In terms of exogenous cues, glass eels might detect the ambient changes and ascend into water column when the water from outside the lake flowed into the lake during flood tide. Swimming behavior might synchronise to several environmental cues related to tide because the rhythmic activity in A. anguilla was weakly sustained in the constant conditions (Bolliet et al. 2007). Laboratory experiments showed that activity of A. japonica glass eels increased at higher temperatures (Dou et al. 2003) and A. anguilla glass eels preferred an acclimated temperature rather than a different temperature in short term experiments (Tongiorgi et al. 1986; Tosi et al. 1988), so the rapid rise of temperature could be a trigger of ascending behavior of anguillid glass eels. A. anguilla glass eels could use the low salinity (Tosi et al. 1988, 1990; Edeline et al. 2005, 2006) and the odour from inland water as orientational cues (Creutzberg 1961: Tosi et al. 1990; Sola and Tosi 1993; Sola and Tongiorgi 1996) as did A. rostrata glass eels (Sorensen 1986). The inflow of the water from outside the lake during flood tide should change the salinity, the odour and current direction in the water column.

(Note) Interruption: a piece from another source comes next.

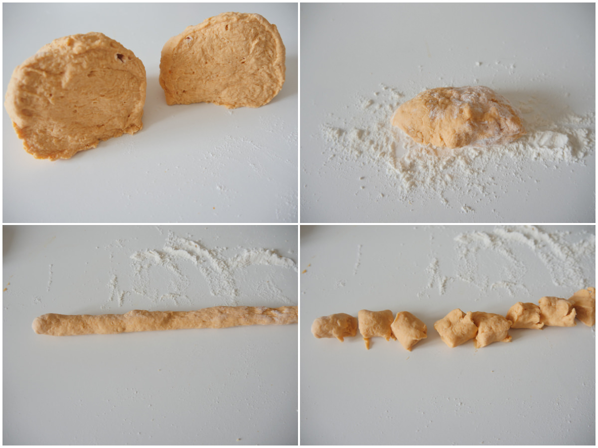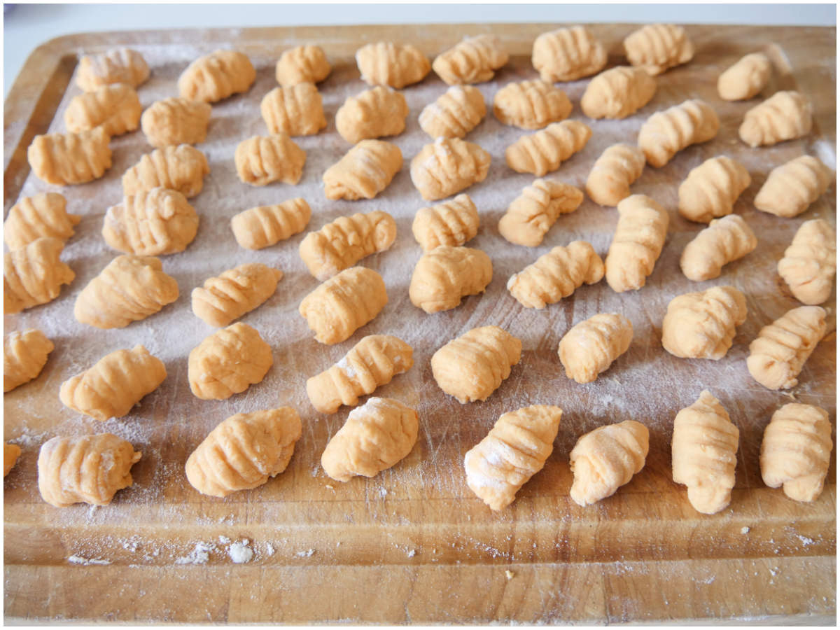 Finito il riposo, dividete l'impasto in più parti, formate dei lunghi cordoncini larghi circa 1,5 cm e tagliateli in gnocchi lunghi circa 2 cm.

These changes also could be triggers of ascending behavior by A. japonica glass eels, but the rise of water temperature was plausible in the present study because of the high probability of its occurrence.

In terms of endogenous cues, the simultaneous occurrence of A. japonica glass eels with increased probability of presence around 150–180 min at ‘minutes after low tide’ could be explained by their migration being linked to a circa-tidal rhythm. Generally, the time of flood tide and ebb tide is varied among their recruiting locations, so anguillid glass eels would need to adjust their endogenous rhythm to the local tidal situations as they move further into estuaries. Environmental factors may act as zeitgeber and provide the necessary synchronization (Tesch 2003). A behavioral experiment also showed that synchronisation of tidal stream transport is weak under constant flow conditions and therefore glass eels might necessitate several environmental cues related with flood tides to remain synchronised (Bolliet et al. 2007). Because the recruitment was synchronized with the rapid change of temperature during flood tide into the lake that type of environmental change might be used to synchronize the circa-tidal rhythm.